それもそのはず。私はあの鬼に吸収……閉じ込められたのではなく、いえ吸収されたのは事実なのだけれど、再び目覚めた時には胎児に――そう、殺されたはずのお母さんの元に、再び赤ん坊として生まれ変わっていたのだ。
新たな家族の元に、新たな生を受けて。

そうは言っても、もう一人の姉になるのだろう“名前姉さん”以外は、私にとって以前と変わらない家族なのだけれど。

あれから数ヶ月。この母娘達、もとい新たな私の家族である胡蝶家のやりとりを聞いているけれど、どうも私はアイツにやられた後、天国だとか地獄だとかそういった次元を通り越し、ここにいるらしかった。
いわゆる輪廻転生とかいうやつだ。まさか本当に起こるとは……それも自分の身に。

性別だけど、これに関しては実際生まれてみないとわからないけれど。でも、あれから数ヶ月が経って大分体つきもはっきりしてきたから、恐らく名前姉さんの言う通りになるんだろう。
だってついてないもの。

名前姉さんは面白い人だ。どうやらカナエ姉さんとは違う意味で頭の中がふわふわしているようだけれど、たまにこちらがドキリとするような事を言う。
今みたいに。

会話からして姉さんも――これじゃあ名前姉さんもいてややこしいからこれからは必ず名前をつけた方が良さそうね――カナエ姉さんも、お母さんも、以前の事は私と違い何も覚えていないようだった。それなのに、あの世界にいなかったはずの名前姉さんだけが、色々な事において当たっている事を言う。
性別だったり、名前だったり。

私の名を何にするか話題になった時、「しのぶとかどう?」と真っ先に案を出したのもこの子だった。
理由を問われた本人は、しっかり間を空けた後『男でも女でもいけそうな名前を考えたらコレだった』そうだけど。男……まあ、確かにそうかもしれないけど。全く、もう。

その名を耳にしても、カナエ姉さんもお母さんも何かに気づいたそぶりは見せなかった。むしろそわそわしているのは、何も知らないはずの名前姉さんだけ。ここは真暗だが音だけでもけっこうな事がわかる。
とはいえ前世、命がけで鍛えた賜物はどこかに行ってしまったけれど。これは生まれ変わっている以上仕方がない。

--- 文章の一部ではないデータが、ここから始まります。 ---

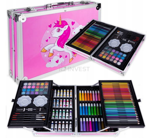 Odkryj nieskończone możliwości twórczej zabawy dzięki naszemu zestawowi artystycznemu! Zawiera 145 elementów, w tym farby akwarelowe i akrylowe, pędzle różnych rozmiarów, kredki, pisaki i wiele innych, wszystko w praktycznej walizce w kształcie jednorożca.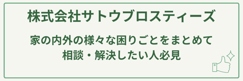株式会社サトウブロスティーズは、便利屋として22年目(執筆時点)を迎える豊富な経験と実績を持ち、由布市、大分市、別府市を中心に、暮らしの「お困りごと」全般に対応できることが最大の強みです。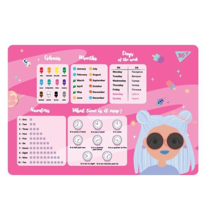 Підкладка для столу Yes Pusheen Popcorn з підказками англ А3 – це яскравий та функціональний аксесуар для письмового столу школяра, який підвищує комфорт та сприяє ефективному навчанню.Виготовлена з якісного первинного пластику, підкладка ТМ Yes серії Pusheen прикрасить робочий простір улюбленими ко..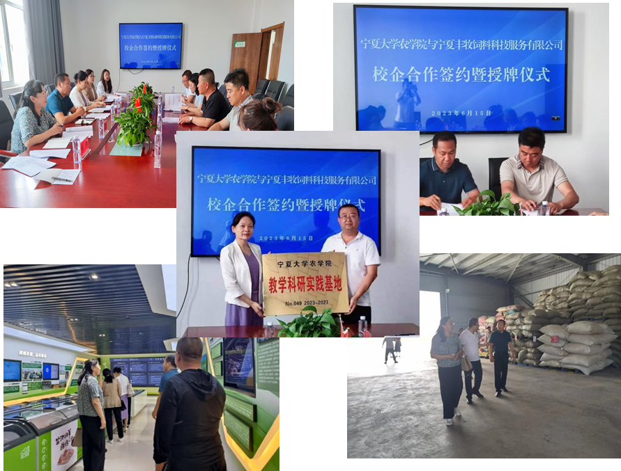 2023年6月15日,宁夏大学动物科技学院副院长徐晓锋和周玉香教授等人与宁夏丰牧饲料科技服务有限公司代表人李焱龙副总经理等人进行了校企合作签约授牌。在签约仪式上,双方就高校、企业人才培养、输送以及盐池滩羊产业发展等重点问题进行了深入的交流探讨,初步达成了“高校+人才+企业”三合一的培养模式。双方均表示将借此契机,充分利用校企双方优质资源,进行高校和企业的优势互补,进一步加强高技能人才的培养,促进人才培养供需双向对接,实现校企合作共赢,推动滩羊产业乃至畜牧业的高质量发展。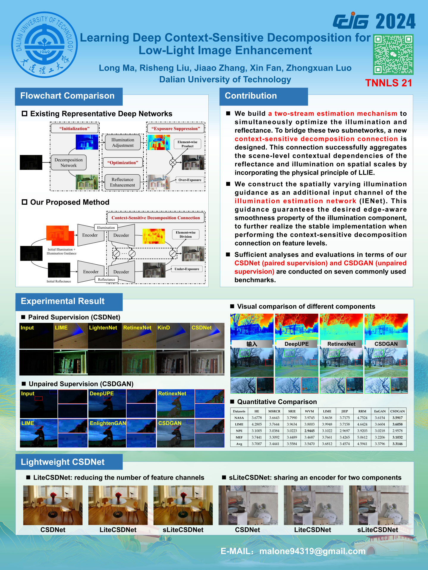 | P104 | Learning Deep Context-Sensitive Decomposition for Low-Light Image Enhancement | 马龙、刘日升、张嘉奥、樊鑫、罗钟铉 | IEEE TNNLS | 查看 |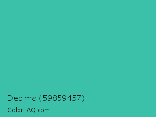 Decimal 59859457 Color is a normal cyan color and the nearest color is Puerto Rico #3fc1aa. Hex code #3bc1a9 and RGB value is rgb(59,193,169). In RGB color space, this color is composed of 23% red, 76% green, 66% blue, In CMYK color space, this color is composed of 69% cyan, 0% magenta, 12% yellow , 24% black , In HSL color space, this color has a hue angle of 169° , 53% saturation and 49% lightness.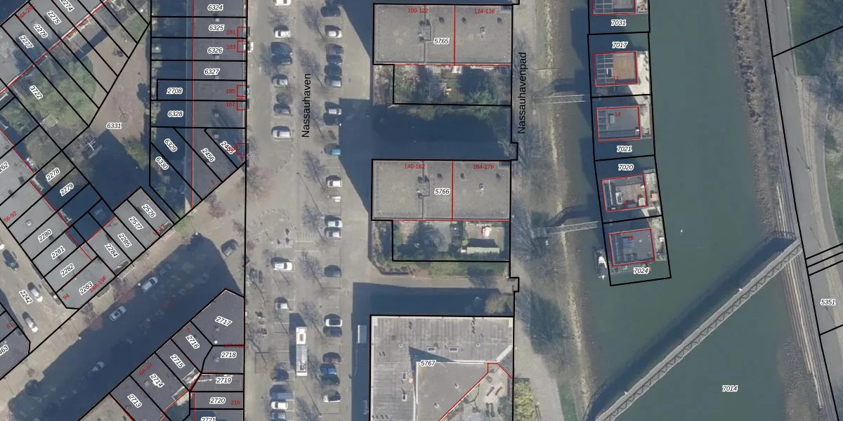 Het perceel waarop Nassauhaven 150 staat heeft een oppervlakte van 739 m². Dit is een groot perceel. De perceeloppervlakte wordt geregistreerd door het Kadaster. Gedetailleerde informatie over de maten van dit perceel kunt u vinden in het rapport Kadastrale kaart met maatvoering van Nassauhaven 150.

私も生まれたら、この記憶全てが消えて無くなるのだろうか。

本当にこのまま行ってカナエ姉さん達に会えるのなら、それでもいいけれど。


***


生まれる日を聞いていた。流石にそこまでは、前世と日時は違ったけれど、私はその日を待ちきれず、でも何かあったら事だから、その日になったらしい事の確認が取れると、その瞬間に再び行動を起こした。

思いきり暴れた。あの頃より更に弱い力だけど、事が起きるには事足りる。

やがて母胎にいた頃より確かに聞こえてきた複数の声に、誕生による本能と違う意味でも涙が零れた。


「(ああ……カナエ姉さん、お母さん、お父さん……)っ、うあああんっ」

「生まれましたよ胡蝶さん!元気な女の子です!」

「やった、やった…!流石、僕の奥さんだ!」

「わあ、うまれた、うまれたっ!わたしのいもうと!ふたりめ!」

「はあ、はあ…。ふふ、こんにちは、しのぶちゃん」

「ホントにしのぶになっちゃったよ。……やっべ」


ちょっと名前姉さん、聞こえてるわよ。やっべ、って……どういう意味でやばいなのよ。
適当に言った名前になってしまった事?

それとも……やっぱり、当たってしまった事?

……なんてね。名前姉さんはあの場にいなかったのだから、こんな事考えるだけ無駄なんでしょうけどね。
すごい偶然だとは思うけど。

それにしても、名前姉さん。前からちょくちょく思っていたけれど、名前姉さんの言葉遣いって何だか男の子みたいよ。生まれたばかりでまだよく見えないから何とも言えないけれど、せっかくの顔が台無しなんじゃないかしら。だってカナエ姉さんと『そっくり』なんでしょう?お腹の中で聞いていて知ってるんだから。
まあ、“今の”世では、割と普通みたいだけど。むしろマシな方かもしれないよね。道行く人や、てれびやらじおとやらから聞こえた女の子の声で学んだからわかる。ぎゃると呼ばれる子達の言葉とか、ちょっと何を言っているかわからなかったもの。

某月某日。
私、二度目の胡蝶しのぶは、カナエ姉さんとお母さん、そしてこちらも変わらなかったお父さんと再会と相成ったのだった。